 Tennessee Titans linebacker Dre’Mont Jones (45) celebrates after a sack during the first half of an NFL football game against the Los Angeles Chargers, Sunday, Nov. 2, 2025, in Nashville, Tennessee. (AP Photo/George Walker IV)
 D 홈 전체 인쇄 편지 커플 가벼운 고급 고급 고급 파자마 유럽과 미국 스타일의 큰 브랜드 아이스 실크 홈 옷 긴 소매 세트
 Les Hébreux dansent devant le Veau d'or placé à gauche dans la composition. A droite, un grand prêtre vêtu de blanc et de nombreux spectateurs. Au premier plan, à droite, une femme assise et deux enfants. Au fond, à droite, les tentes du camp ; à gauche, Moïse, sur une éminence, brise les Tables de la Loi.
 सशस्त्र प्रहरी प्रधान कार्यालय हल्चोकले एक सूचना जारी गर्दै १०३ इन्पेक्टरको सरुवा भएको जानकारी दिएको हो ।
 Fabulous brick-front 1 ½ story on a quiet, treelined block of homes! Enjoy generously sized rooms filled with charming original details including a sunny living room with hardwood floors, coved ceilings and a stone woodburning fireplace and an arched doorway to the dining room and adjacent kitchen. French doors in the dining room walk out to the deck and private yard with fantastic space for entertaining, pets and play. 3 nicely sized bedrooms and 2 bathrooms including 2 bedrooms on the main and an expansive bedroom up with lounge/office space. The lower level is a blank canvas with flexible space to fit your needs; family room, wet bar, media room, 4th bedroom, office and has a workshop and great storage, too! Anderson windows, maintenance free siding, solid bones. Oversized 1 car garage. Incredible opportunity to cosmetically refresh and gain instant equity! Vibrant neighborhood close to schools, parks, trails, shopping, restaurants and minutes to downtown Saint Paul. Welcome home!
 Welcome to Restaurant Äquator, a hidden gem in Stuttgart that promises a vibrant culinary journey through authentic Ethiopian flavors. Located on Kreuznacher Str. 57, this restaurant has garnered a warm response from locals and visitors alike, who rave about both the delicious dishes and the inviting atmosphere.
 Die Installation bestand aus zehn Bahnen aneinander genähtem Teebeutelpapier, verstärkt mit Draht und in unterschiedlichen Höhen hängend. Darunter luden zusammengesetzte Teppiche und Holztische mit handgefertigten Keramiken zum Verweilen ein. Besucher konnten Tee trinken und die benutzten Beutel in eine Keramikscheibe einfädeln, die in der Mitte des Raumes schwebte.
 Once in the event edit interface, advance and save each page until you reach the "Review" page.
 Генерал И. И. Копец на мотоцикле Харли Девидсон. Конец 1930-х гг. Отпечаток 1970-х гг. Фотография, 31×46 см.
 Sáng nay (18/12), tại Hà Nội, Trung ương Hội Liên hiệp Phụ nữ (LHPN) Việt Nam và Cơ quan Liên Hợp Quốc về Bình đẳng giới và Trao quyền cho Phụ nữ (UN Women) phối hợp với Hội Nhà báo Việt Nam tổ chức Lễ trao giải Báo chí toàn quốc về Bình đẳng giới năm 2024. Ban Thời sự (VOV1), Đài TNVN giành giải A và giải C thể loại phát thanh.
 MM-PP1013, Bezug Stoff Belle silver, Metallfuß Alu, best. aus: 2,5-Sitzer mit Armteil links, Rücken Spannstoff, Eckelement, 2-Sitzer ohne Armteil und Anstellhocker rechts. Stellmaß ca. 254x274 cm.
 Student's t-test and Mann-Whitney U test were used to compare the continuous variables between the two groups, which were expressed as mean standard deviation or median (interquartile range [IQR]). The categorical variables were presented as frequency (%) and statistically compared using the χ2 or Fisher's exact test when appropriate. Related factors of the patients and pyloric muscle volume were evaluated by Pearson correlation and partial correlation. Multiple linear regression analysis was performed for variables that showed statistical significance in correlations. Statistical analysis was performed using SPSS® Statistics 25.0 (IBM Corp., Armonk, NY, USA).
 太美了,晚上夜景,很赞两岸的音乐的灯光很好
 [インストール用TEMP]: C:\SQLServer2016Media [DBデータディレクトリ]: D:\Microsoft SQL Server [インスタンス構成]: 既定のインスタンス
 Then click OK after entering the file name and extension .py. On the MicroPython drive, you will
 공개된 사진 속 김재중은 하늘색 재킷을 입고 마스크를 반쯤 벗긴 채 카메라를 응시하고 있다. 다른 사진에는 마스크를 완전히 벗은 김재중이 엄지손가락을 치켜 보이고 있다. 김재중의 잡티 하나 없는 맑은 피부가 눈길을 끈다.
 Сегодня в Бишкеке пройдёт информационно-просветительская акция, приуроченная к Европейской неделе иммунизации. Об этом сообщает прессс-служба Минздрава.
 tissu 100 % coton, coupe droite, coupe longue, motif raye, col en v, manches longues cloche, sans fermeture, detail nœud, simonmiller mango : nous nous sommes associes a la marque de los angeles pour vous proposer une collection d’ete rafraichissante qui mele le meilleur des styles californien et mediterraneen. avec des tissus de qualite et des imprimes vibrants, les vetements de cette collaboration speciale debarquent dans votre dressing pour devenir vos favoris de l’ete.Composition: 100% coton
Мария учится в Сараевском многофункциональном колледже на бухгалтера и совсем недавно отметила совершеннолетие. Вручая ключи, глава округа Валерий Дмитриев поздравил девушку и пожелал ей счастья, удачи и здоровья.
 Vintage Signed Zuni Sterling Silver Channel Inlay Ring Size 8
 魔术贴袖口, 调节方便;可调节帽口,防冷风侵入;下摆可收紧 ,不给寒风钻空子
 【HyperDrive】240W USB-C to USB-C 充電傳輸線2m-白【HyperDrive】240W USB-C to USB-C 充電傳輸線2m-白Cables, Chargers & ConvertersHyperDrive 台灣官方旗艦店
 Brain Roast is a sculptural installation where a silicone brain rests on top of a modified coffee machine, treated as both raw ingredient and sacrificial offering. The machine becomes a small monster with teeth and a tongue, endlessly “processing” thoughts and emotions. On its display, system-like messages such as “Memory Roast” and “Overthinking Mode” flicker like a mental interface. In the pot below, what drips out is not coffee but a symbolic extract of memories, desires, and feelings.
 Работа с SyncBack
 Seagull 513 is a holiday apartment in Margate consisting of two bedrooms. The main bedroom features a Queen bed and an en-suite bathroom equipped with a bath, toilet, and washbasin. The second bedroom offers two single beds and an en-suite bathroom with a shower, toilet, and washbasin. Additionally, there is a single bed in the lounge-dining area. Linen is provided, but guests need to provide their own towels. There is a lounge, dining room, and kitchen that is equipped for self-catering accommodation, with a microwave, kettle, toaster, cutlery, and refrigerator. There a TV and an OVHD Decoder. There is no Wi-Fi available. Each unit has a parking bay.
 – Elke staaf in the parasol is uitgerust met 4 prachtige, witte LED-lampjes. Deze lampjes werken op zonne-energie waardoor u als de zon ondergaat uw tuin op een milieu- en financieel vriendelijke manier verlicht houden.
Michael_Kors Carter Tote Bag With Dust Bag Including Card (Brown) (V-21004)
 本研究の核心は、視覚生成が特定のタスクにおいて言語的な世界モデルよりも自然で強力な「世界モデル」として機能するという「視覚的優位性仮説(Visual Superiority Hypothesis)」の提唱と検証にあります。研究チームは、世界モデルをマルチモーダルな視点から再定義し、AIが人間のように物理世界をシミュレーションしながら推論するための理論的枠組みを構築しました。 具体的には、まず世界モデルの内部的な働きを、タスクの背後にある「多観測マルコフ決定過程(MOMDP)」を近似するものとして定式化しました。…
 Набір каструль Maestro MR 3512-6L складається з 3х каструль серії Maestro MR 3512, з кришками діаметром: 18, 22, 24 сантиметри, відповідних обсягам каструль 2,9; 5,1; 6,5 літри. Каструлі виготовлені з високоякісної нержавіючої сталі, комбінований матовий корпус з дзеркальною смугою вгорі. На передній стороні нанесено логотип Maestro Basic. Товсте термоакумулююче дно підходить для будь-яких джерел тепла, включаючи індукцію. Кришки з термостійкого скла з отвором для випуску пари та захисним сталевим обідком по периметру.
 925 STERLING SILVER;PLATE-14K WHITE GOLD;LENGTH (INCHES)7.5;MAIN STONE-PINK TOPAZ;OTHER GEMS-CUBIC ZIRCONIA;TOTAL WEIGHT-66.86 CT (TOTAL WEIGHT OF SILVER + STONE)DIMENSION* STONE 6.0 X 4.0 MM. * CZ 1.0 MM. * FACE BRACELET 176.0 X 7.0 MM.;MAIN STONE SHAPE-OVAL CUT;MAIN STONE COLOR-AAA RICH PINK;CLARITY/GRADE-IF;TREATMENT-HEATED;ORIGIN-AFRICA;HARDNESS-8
#####
# Task goal:
Output the first line of the entries above and every line after it, exactly as written, ending with the line that contains "D 홈 전체 인쇄 편지".

# Answer area:
 Tennessee Titans linebacker Dre’Mont Jones (45) celebrates after a sack during the first half of an NFL football game against the Los Angeles Chargers, Sunday, Nov. 2, 2025, in Nashville, Tennessee. (AP Photo/George Walker IV)
 D 홈 전체 인쇄 편지 커플 가벼운 고급 고급 고급 파자마 유럽과 미국 스타일의 큰 브랜드 아이스 실크 홈 옷 긴 소매 세트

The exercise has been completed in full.